# Yes!!!



## TheRifleman (May 20, 2002)

Walker is SO tough-minded - nobody gets him to back down! He has a high basketball iq.... What a win!

I think Dallas was smart getting Walker - yep.:yes: :clap:


----------



## rynobot (Oct 10, 2002)

> Originally posted by <b>TheRifleman</b>!
> Walker is SO tough-minded - nobody gets him to back down! He has a high basketball iq.... What a win!
> 
> I think Dallas was smart getting Walker - yep.:yes: :clap:


I wounder if the Mavs are still a second tier team?


----------



## Tom (Jul 15, 2002)

Great win!


----------



## MagnusPinus (Aug 27, 2003)

Yea... and Howard is a beast on the rebounds(best rebounder of the team!!) and on 3-2 defense is awesome... what a gem!!! He can also score... If u trade finley and/or jamison for a tough big man... .well.. u are unstoppable.


----------



## lastlaugh (Oct 30, 2003)

It was a great win. I loved that game from start to finish.

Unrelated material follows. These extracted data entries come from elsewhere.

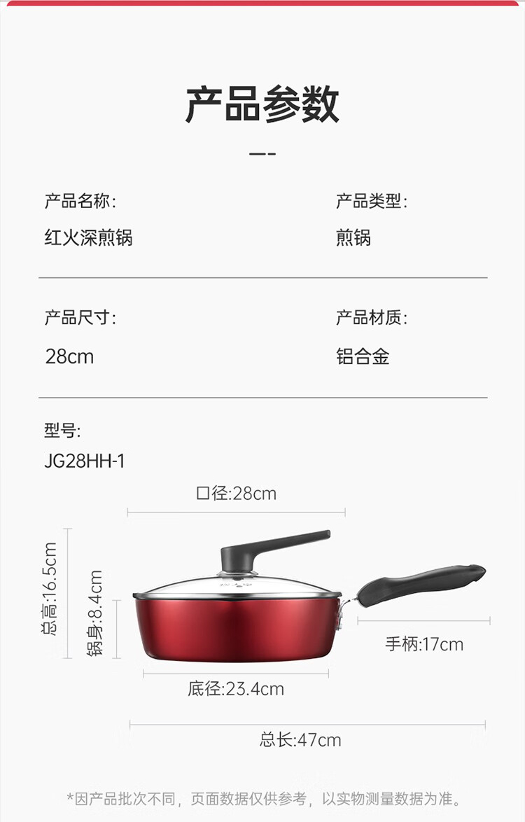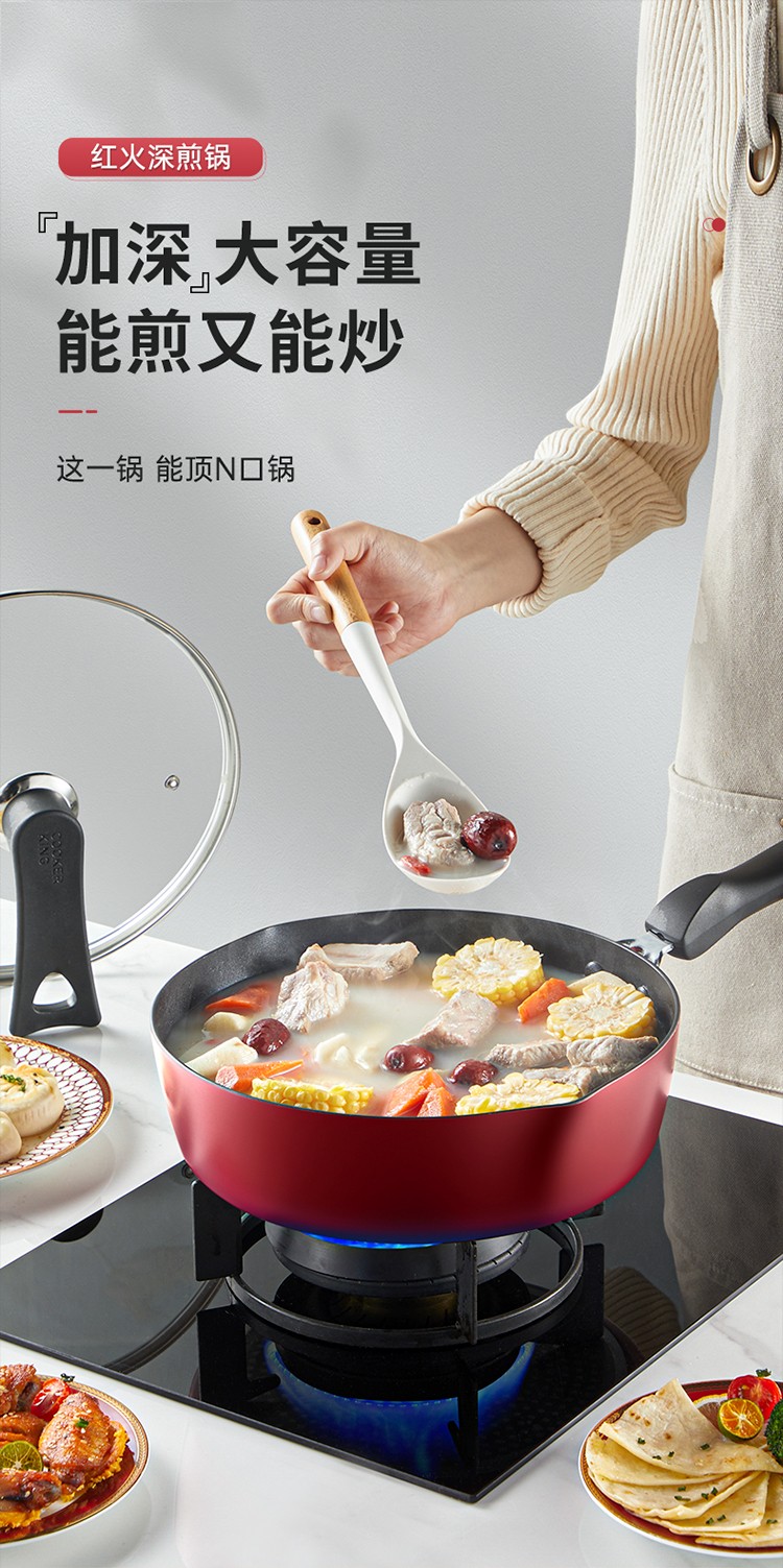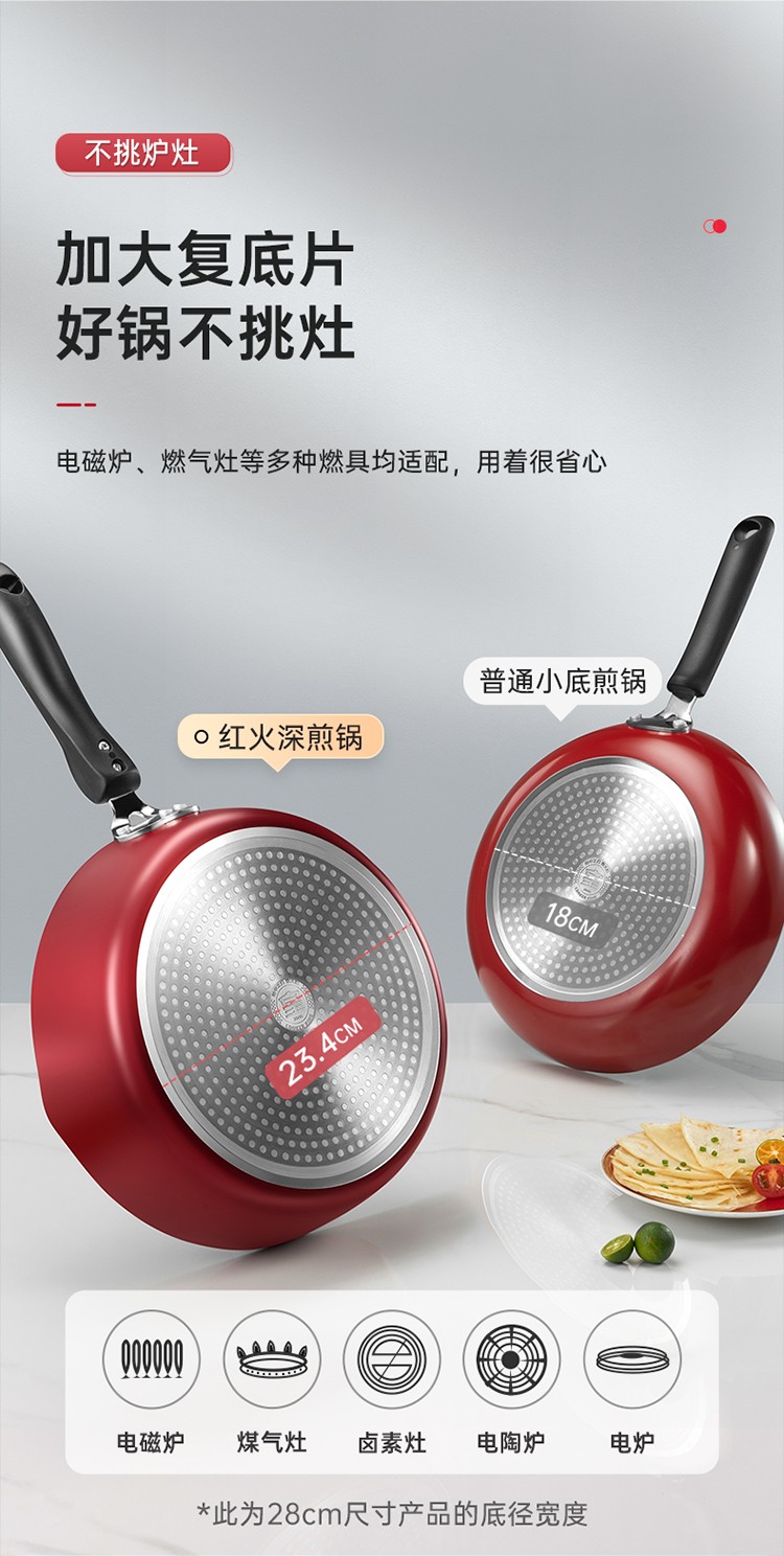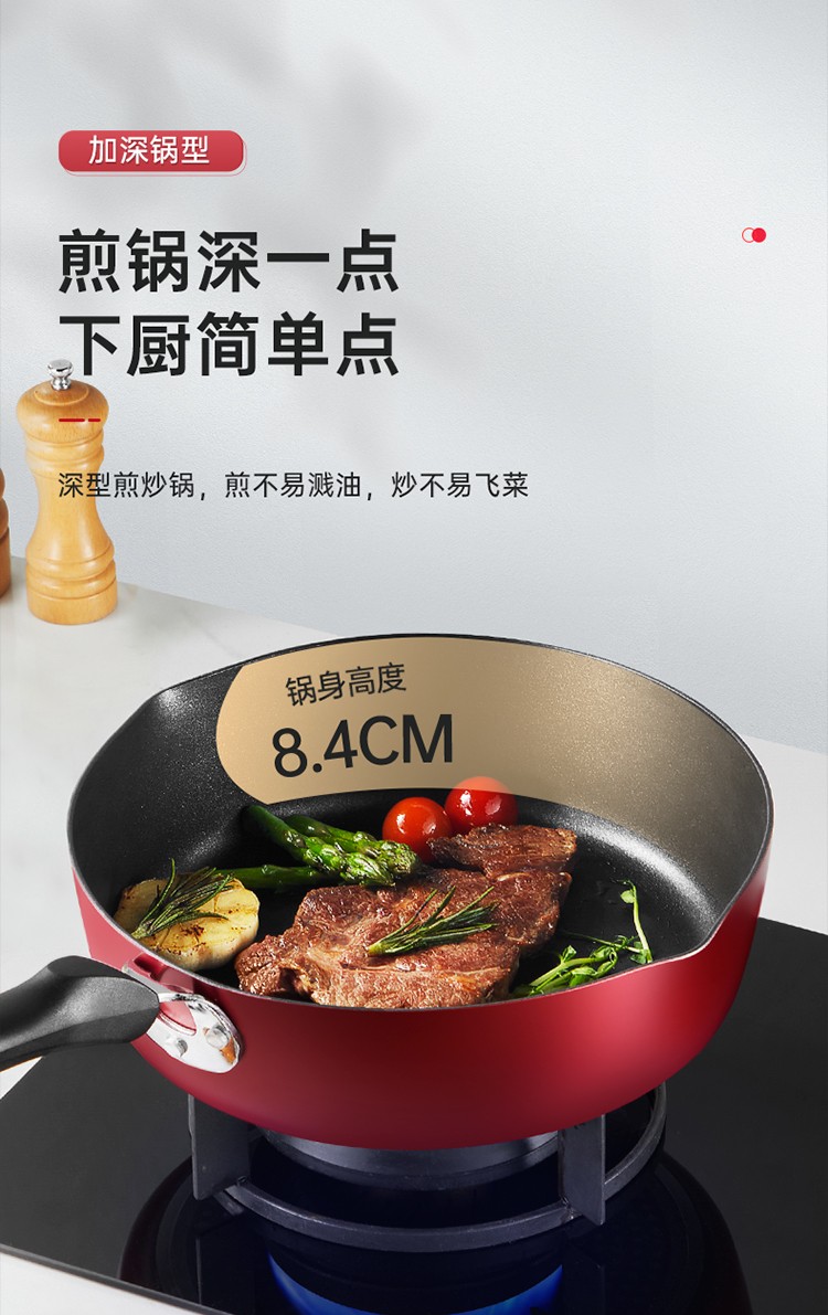 炊大皇平底锅不粘锅红火深煎锅JG28HH-1 28cm+锅盖(单位:个) 枫叶色
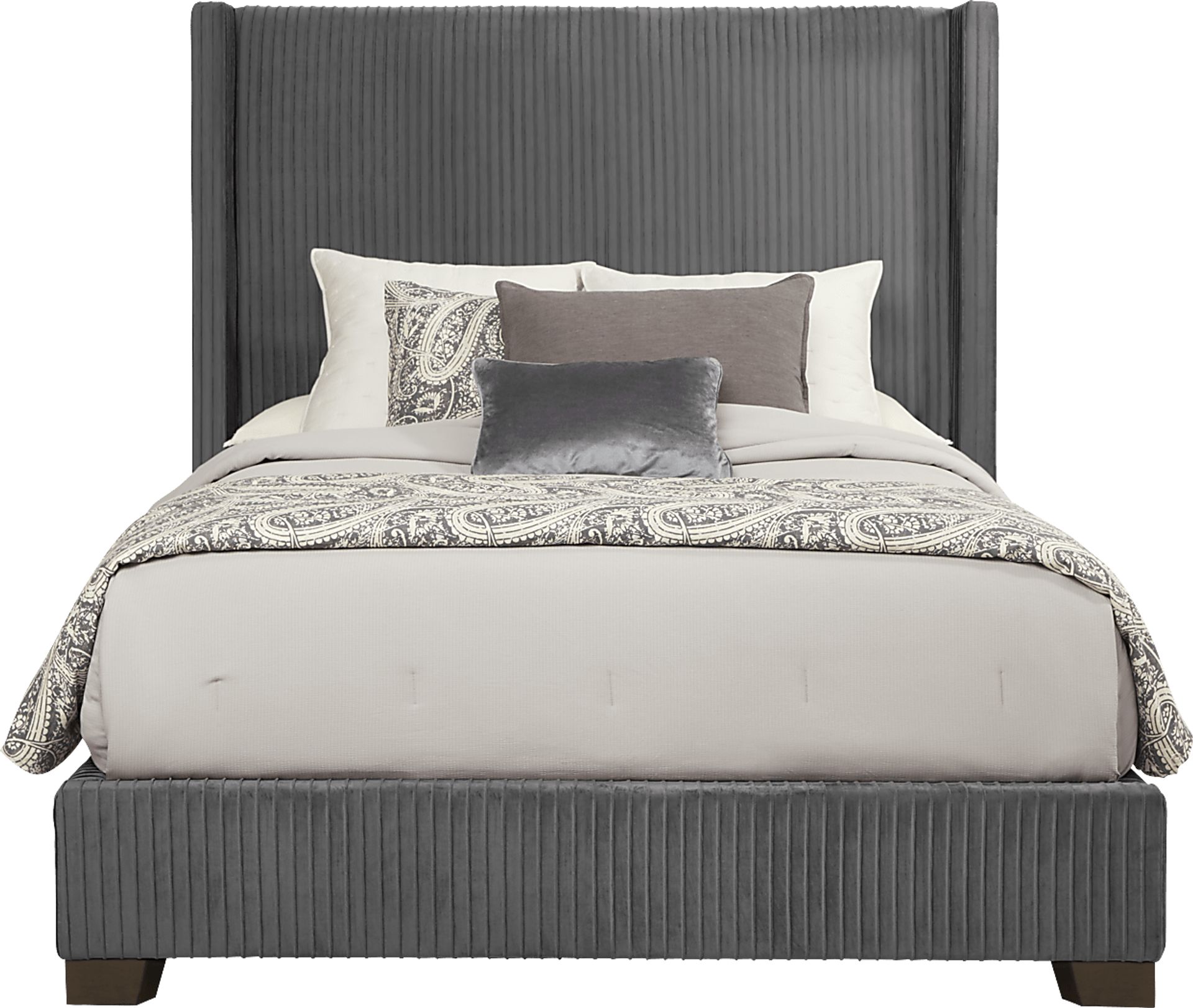 Bring a touch of contemporary charm to your bedroom with the Adrie queen bed. The upholstered headboard and footboard feature pleated detailing, giving this piece a unique look that is pleasing to the eye. With its versatile gray color, this bed effortlessly blends in with a wide range of furniture setups and styles. Mattress and foundation (if required) sold separately.
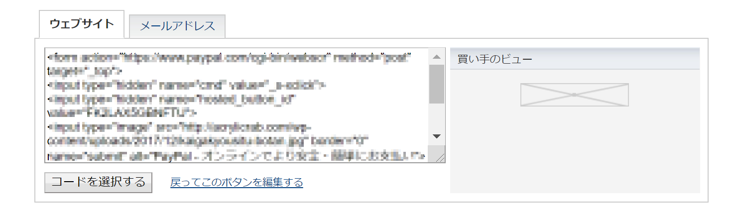 先ほどのペイパルのボタン編集画面に
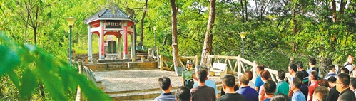 江西省贛州市瑞金葉坪鄉(xiāng)黃沙村華屋紅軍烈士紀(jì)念亭前,講解員為游客講述革命先烈的故事。依托豐富的紅色文化資源和綠色生態(tài)資源,華屋著力發(fā)展紅色旅游和鄉(xiāng)村旅游,組建了華屋鄉(xiāng)村旅游合作社,吸引農(nóng)戶入社。
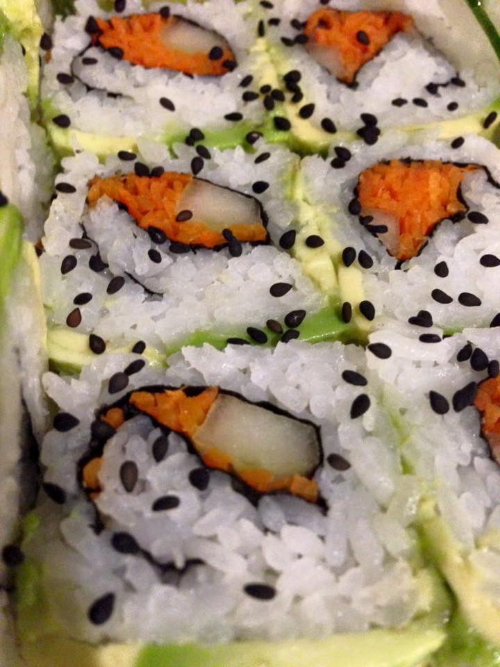 Shari, alga nori, queso crema, pepino, aguacate topping ajonjolí mixto
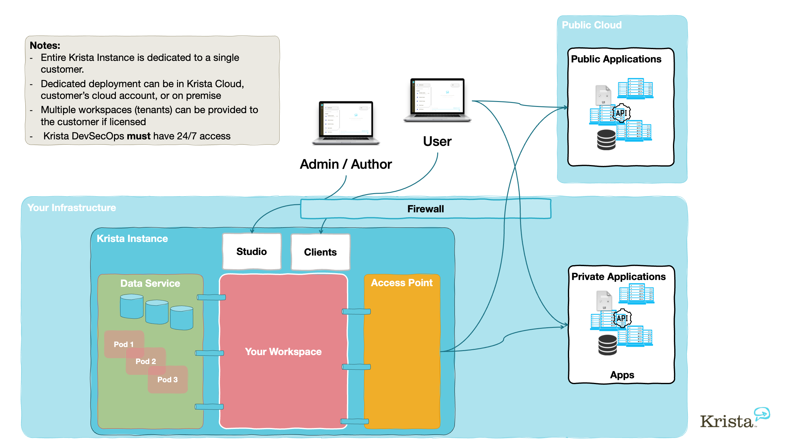 services to host multiple workspaces and orchestrates interactions with appropriate data appliances and access points. Krista DevSecOps automates and manages all deployments, updates, and migrations. We deploy the Instance into a Kubernetes-based Infrastructure.
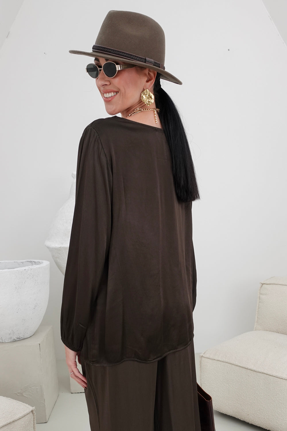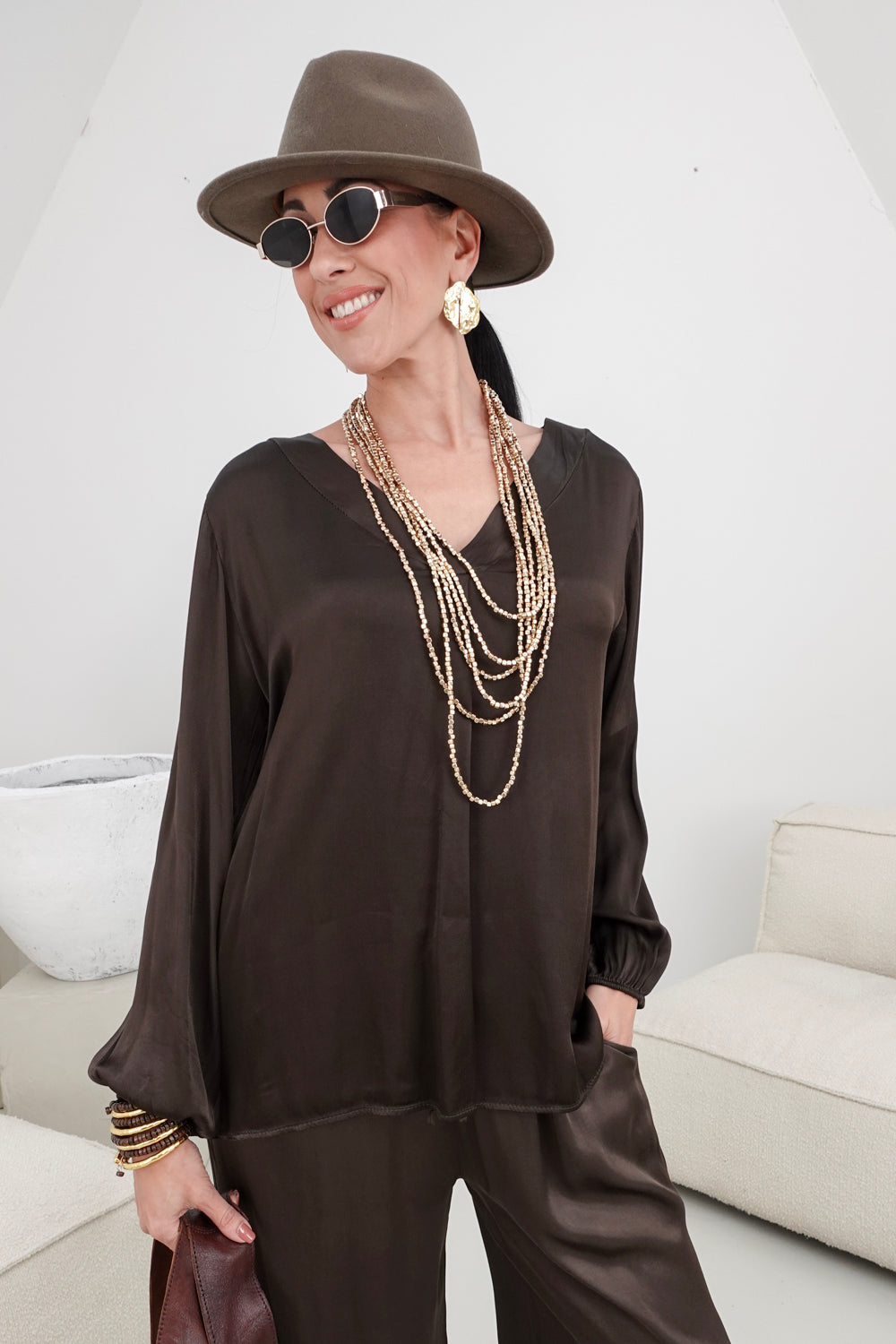 Ontdek onze mooie bruine top Zelenia, perfect voor elke gelegenheid! Deze top met V-hals en lange mouwen heeft elastische afwerkingen voor een comfortabele pasvorm. Gemaakt van 100% viscose, voelt de stof heerlijk zacht aan en valt soepel.
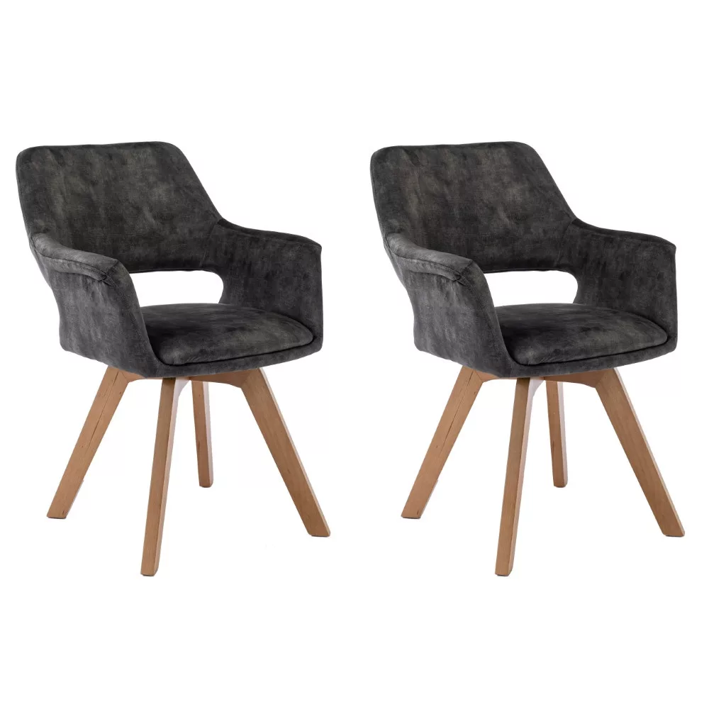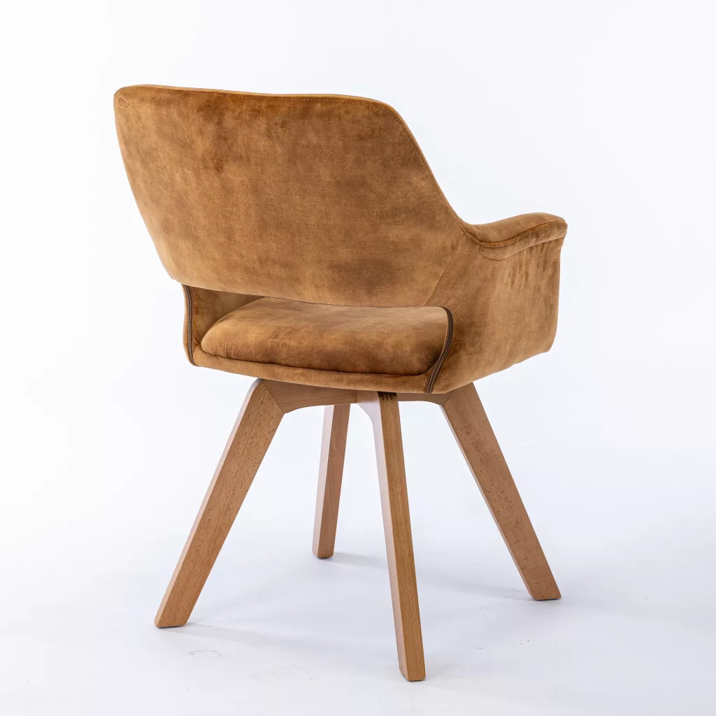 Praktikus étkezőszék karfákkal. Az ülőfelület, a háttámla és a karfák puha szövettel kárpitozottak, és több színben kapható. A szék váza és alapja tömör bükkfából készült, tölgyfa színűre festve. Az ülőfelület 44 cm széles és 41 cm mély. Magassága 45 cm. Az alap beépített forgótányérral rendelkezik, amely lehetővé teszi a szék ülőfelületének 360°-os elforgatását. Maximális teherbírás 120 kg.

I hope Walker continue's to get some credit. He is a great player who needs to get some respect.


----------



## Tristan (Jan 13, 2003)

The game was awesome, great battle beetween Bryant-Nash. Those two were pushing each other. Fortson handled Shaq pretty well. Howard was awesome for guarding Kobe. Wow....this rook was a sleeper. Josh Howard was handling Kobe pretty well and Howard knows what not to do in the NBA, I guess college ball showed him a lot.

Antoine walker is a genius! Dirk shows no fear after getting flagrant by Shaq, he still goes into the basket. Outscored, out rebounded, out-assisted the Lakers. Great win.


----------